The patrons of the Cooperative by dealing with the Cooperative, acknowledge that the terms and provisions of the articles of incorporation and bylaws shall constitute and be a contract between the Cooperative and each patron, and both the Cooperative and the patrons are bound by such contract, as fully as though each patron had individually signed a separate instrument containing such terms and provisions. The provisions of this article of the bylaws shall be called to the attention of each patron of the Cooperative by posting in a conspicuous place in the Cooperative's office.

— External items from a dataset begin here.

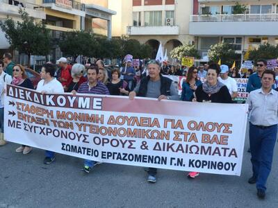 Στην πορεία της Πάτρας συμμετείχαν εργαζόμενοι νοσοκομείων, ΕΚΑΒ, γιατροί από νοσοκομεία και υγειονομικές μονάδες της Δυτική Ελλάδας, καθώς και σωματεία συνταξιούχων.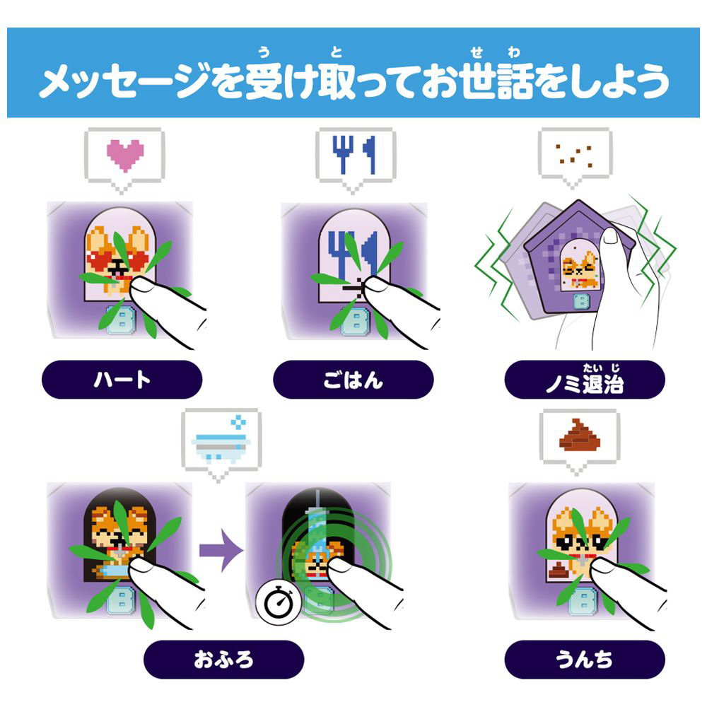 ■わんこは何か必要な時にメッセージを送ってくれるよ。ごはん/おふろ/ノミ退治/うんち などメッセージに合わせてお世話をしよう。
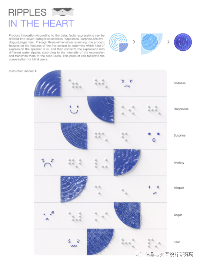RIPPLES IN THE HEART是一款专为视障人士设计的表情识别仪,能够分辨七种基本情绪,通过水波纹的变化能够让视障人士轻松理解所表达的情绪含义,减缓交流时心理压力,提高他们的生活自信。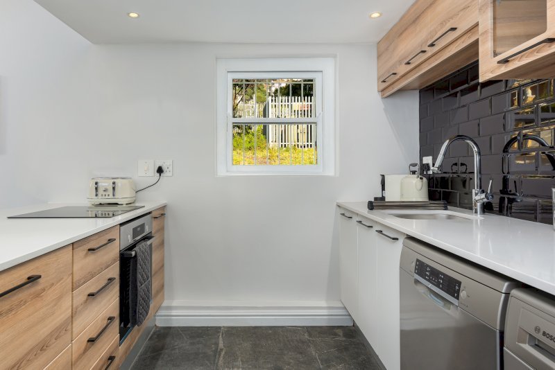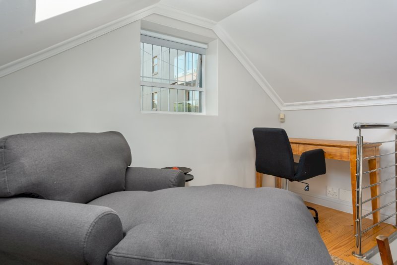 This vibrant 2 story townhouse/cottage seems to emulate the eclectic soul of Cape Town. A lot of thought and consideration has gone into making the home the perfect family escape. Modern appliances and finishes with tasteful use of colour throughout.The open plan lounge, kitchen and dining area features designer furnishing and modern appliances throughout. The lounge opens onto a covered balcony with outdoor furniture and a Braai/BBQ. Adjacent to the lounge is a loft-style office space or work area with desk space.

SECTION 3. Assignment of Patronage Capital to the Cooperative
Notwithstanding any provisions herein contained to the contrary, the Cooperative shall recover, after a period of two (2) years, any unclaimed capital credits, patronage refunds, utility deposits, membership fees, or account balances for which the owner (member or former member) cannot be found and are the result of distributable savings of the Cooperative, giving sixty (60) days notice in a newspaper of general circulation, published in the county in which the Cooperative locates its general headquarters. Such notice shall state the owner's name and approximate amount of owner's interest, and that if not duly claimed within sixty (60) days of said notice; the same shall be turned over to the Cooperative, which shall reallocate the same to other members. If no provable claim shall have been filed within sixty (60) days after the one-time publication of said notice, the Cooperative may credit against said account any amounts due and owing the Cooperative by said member and thereafter allocate to the other members of the Cooperative on a pro rata basis. Such amounts of said members (the allocations herein contemplated) shall be allocated to those who are members as of the year and on a pro rata basis for the year in which the 60th day falls after the published notice.
ny member or former member’s who fails to claim any capital credit or other payment within two (2) years after payment has been made available to such person, shall have made an irrevocable assignment and gift to the Cooperative of such capital credits or other payments.